• [Exercise]:
Exactly the lines below, starting with the one containing "Distribución porcentual de" and going on through the one containing "C级和D级属于大型车,202", must be reproduced, both ends included, and no pictures with them.

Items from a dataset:
§

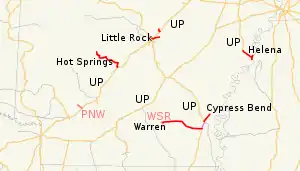 - Warren Branch: 39.4 mi (63.4 km) from Warren to Dermott, with trackage rights over an additional 5.6 miles (9.0 km) to McGehee
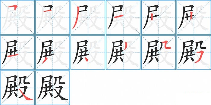 殿是左右结构,殿的部首是“殳”,部外笔画9画,总笔画13画,殿的笔画顺序是“横折、横、撇、横、竖、竖、横、撇、点、撇、横折折/横折弯、横撇/横钩、捺”。看看“殿”字什么意思 >>
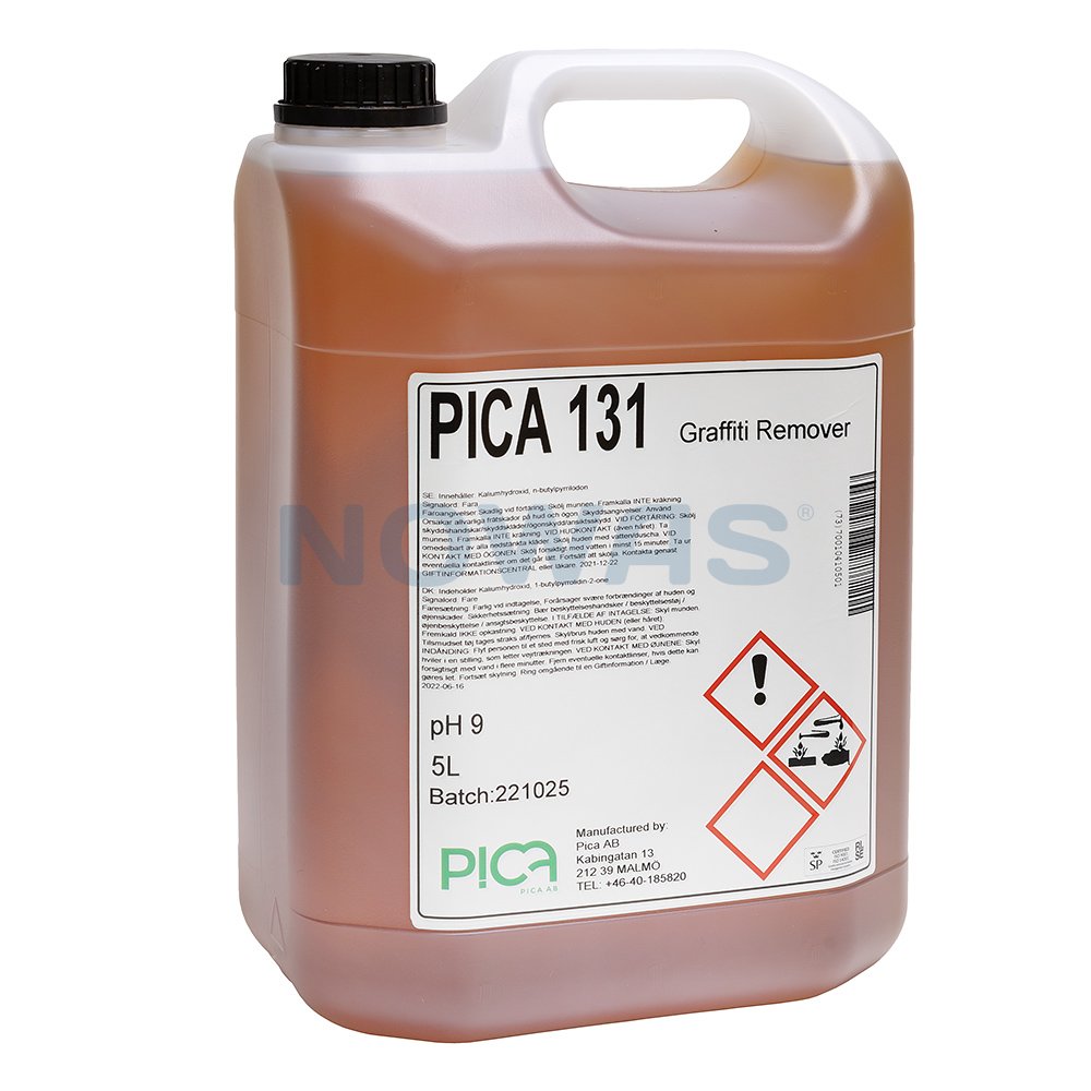 Pica 131 er en tusjfjerner med svært bredt spekter som kan brukes på de fleste overflater. Pica 131 brukes imidlertid primært på ikke-porøse overflater. Pica 131 er så effektiv at den også kan brukes på vanskelig anilinbasert graffiti. Bruk gjerne Pica 131 som et supplement eller alternativ til Pica Easy Off.
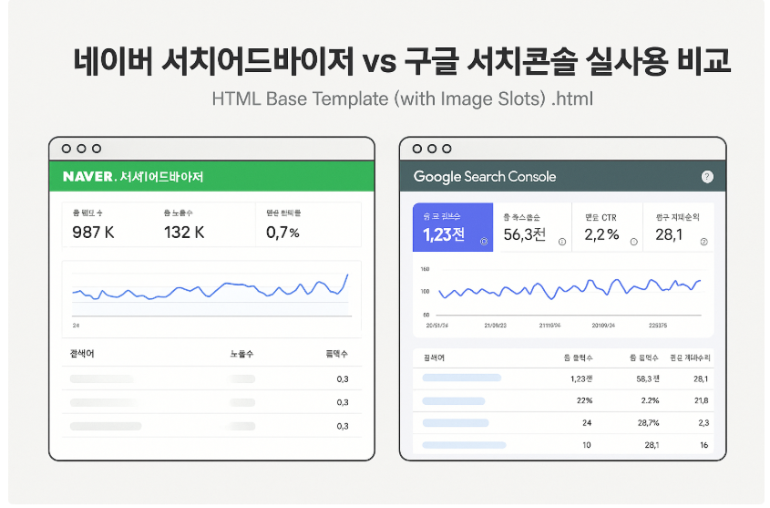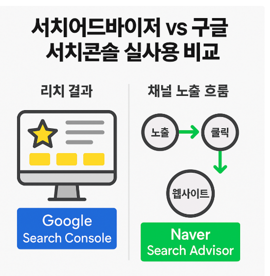 국내 도달을 극대화하려면 서치어드바이저, 기술/글로벌 SERP 튜닝은 서치콘솔이 유리합니다. 두 도구의 지표를 함께 보면서 제목·요약·내부 링크·스키마를 주기적으로 조정하면 안정적인 자연 유입을 확보할 수 있습니다.
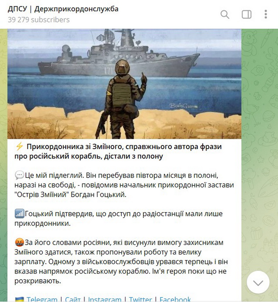 Тим часом поки легендарний вислів з острова Зміїний увіковічили у малюнках та на марках, у Державній прикордонній службі заявили, що напрямок російському кораблю завдав не той захисник. За їх повідомленням, справжнього автора фрази про російський корабль, дістали з полону.
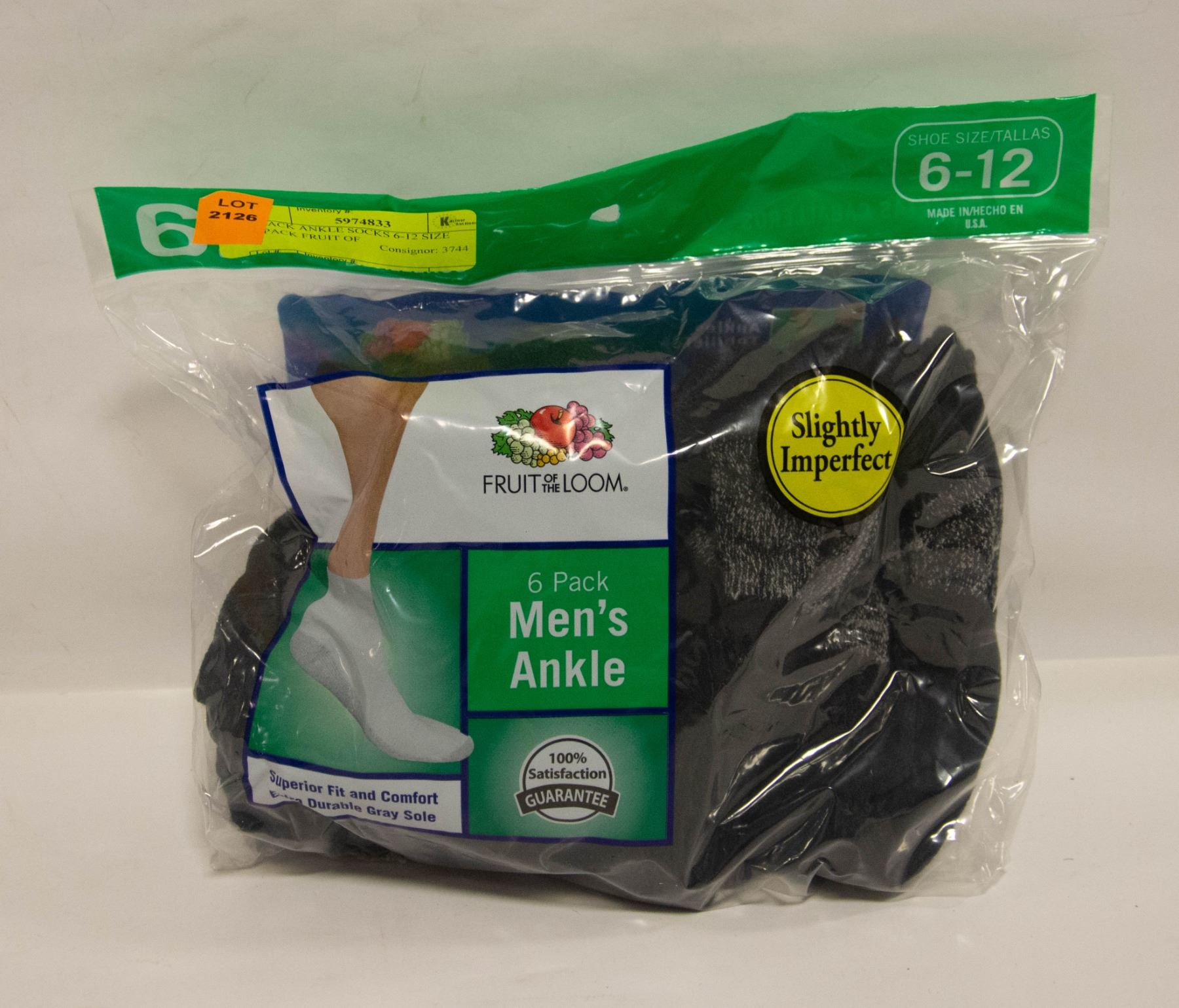 BLACK ANKLE SOCKS 6-12 SIZE 6-PACK FRUIT OF
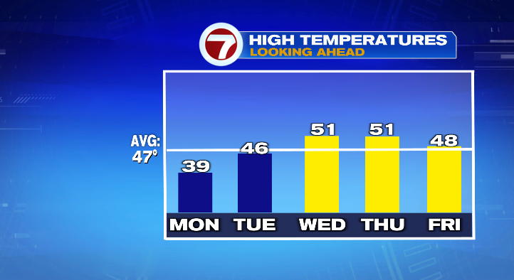 Monday will also have a much cooler feel, with highs only in the mid to upper 30s.
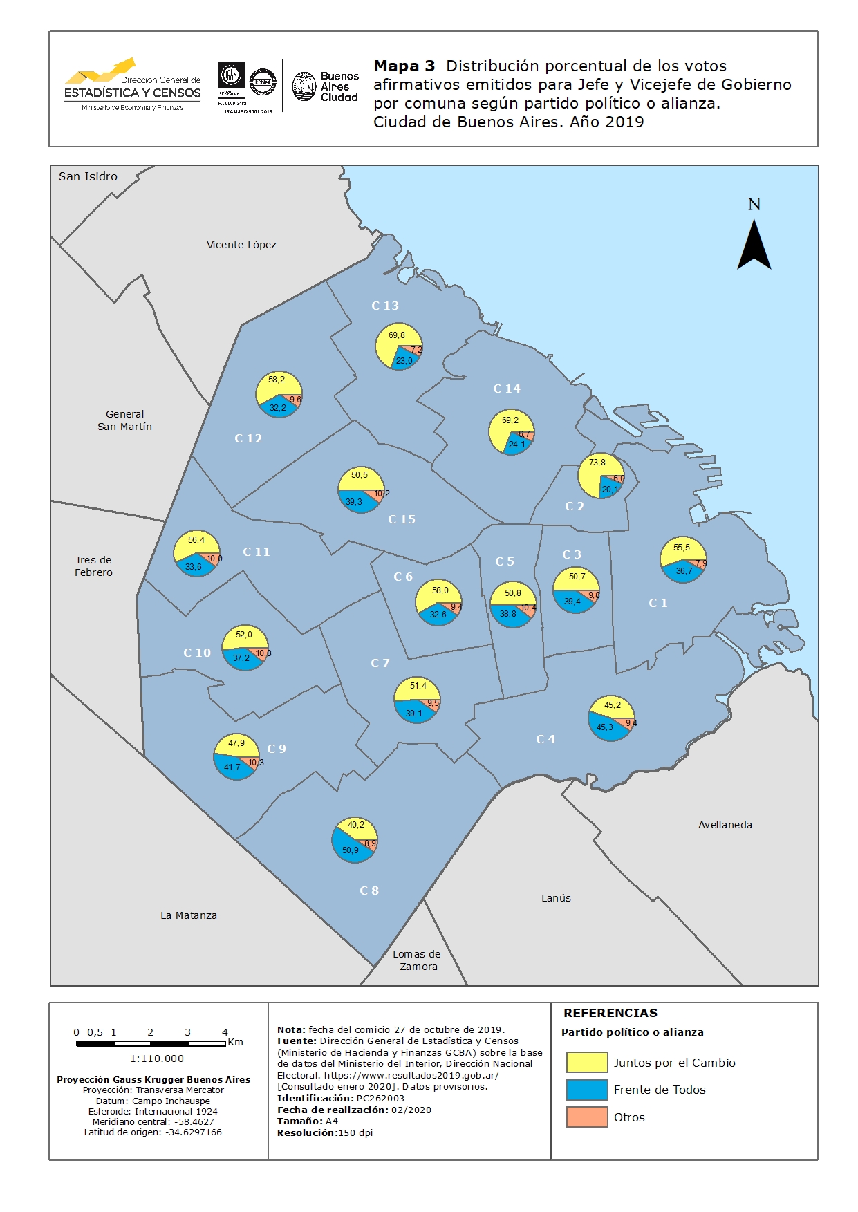 Distribución porcentual de los votos afirmativos emitidos para Jefe y Vicejefe de Gobierno por comuna según partido político o alianza.Año 2019
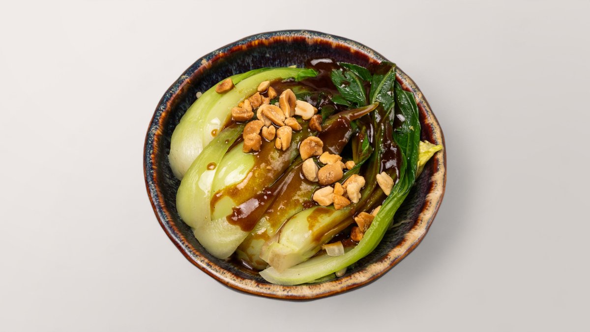 frisches Blattgemüse der Saison mit Knoblauchöl und Hoisinsoße
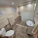 I badrummet finns även en separat toalett och en dusch. Det finns också hårtorkar, badrockar och handdukar för gästernas komfort.
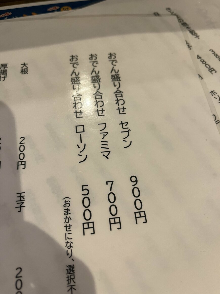 そこに写っているのは「おでん盛り合わせ セブン 900円 ファミマ 700円 ローソン500円」と記載されたメニュー。「居酒屋でコンビニのおでんを売っているの?」と思ってしまう人も多いのではないでしょうか。
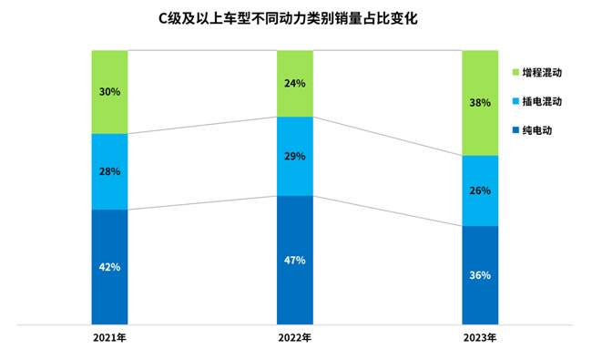 C级和D级属于大型车,2023年销量占比17%,在这个细分市场,纯电动车的优势不复存在,2023年纯电动车占比为36%,增程混动占比38%,插电混动占比26%。
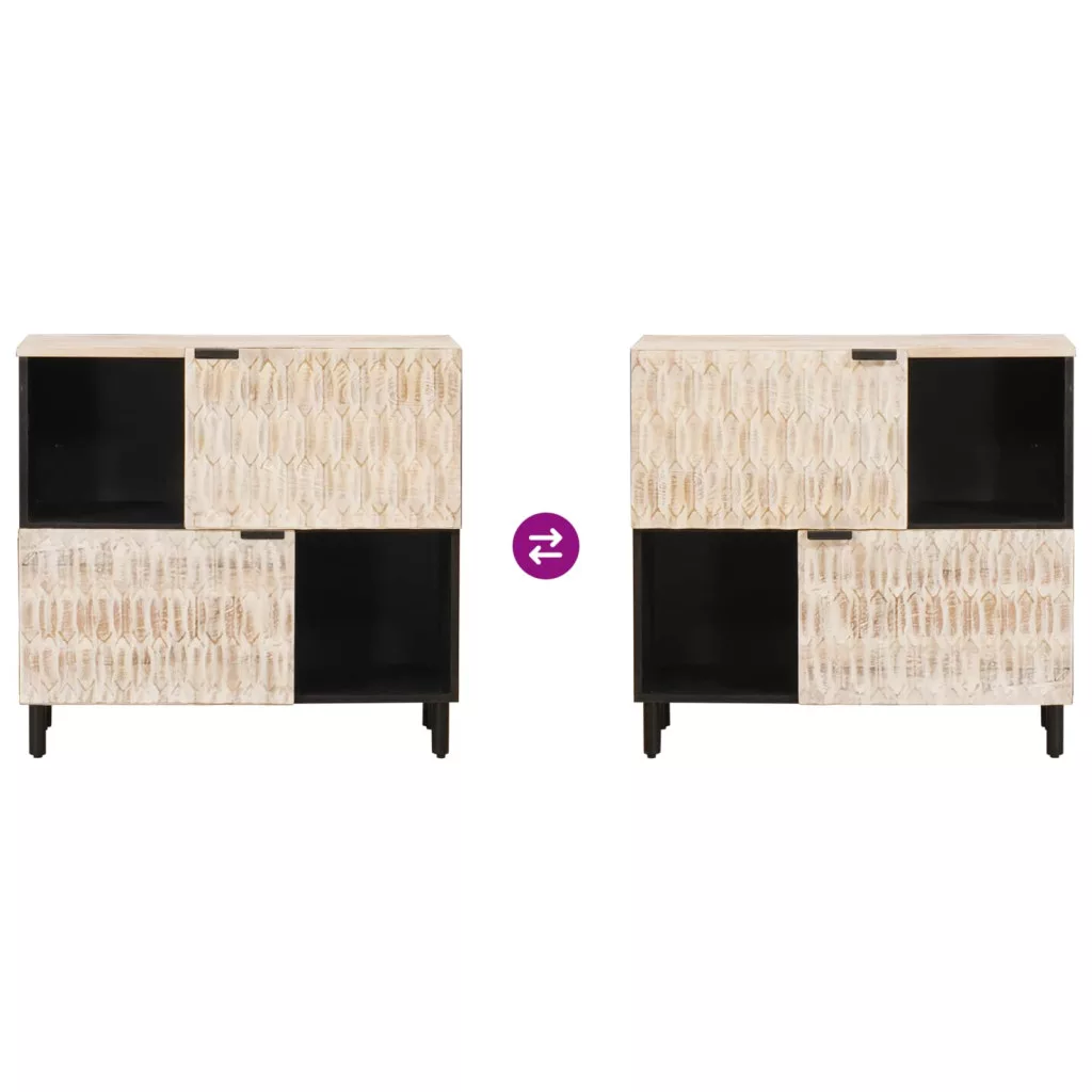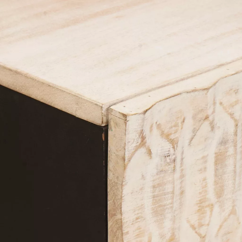 - Anyagok: Tömör mangófából készült, ez a sideboard a szépséget és a tartósságot egyaránt tükrözi. A mangófa tartós és masszív, hosszú távú használatra tervezve. A rétegelt fa felület teszi még elegánsabbá a megjelenését, bármilyen helyiséget feldobva.

§

• [Task result]:
 Distribución porcentual de los votos afirmativos emitidos para Jefe y Vicejefe de Gobierno por comuna según partido político o alianza.Año 2019
 frisches Blattgemüse der Saison mit Knoblauchöl und Hoisinsoße
 I badrummet finns även en separat toalett och en dusch. Det finns också hårtorkar, badrockar och handdukar för gästernas komfort.
 そこに写っているのは「おでん盛り合わせ セブン 900円 ファミマ 700円 ローソン500円」と記載されたメニュー。「居酒屋でコンビニのおでんを売っているの?」と思ってしまう人も多いのではないでしょうか。
 C级和D级属于大型车,2023年销量占比17%,在这个细分市场,纯电动车的优势不复存在,2023年纯电动车占比为36%,增程混动占比38%,插电混动占比26%。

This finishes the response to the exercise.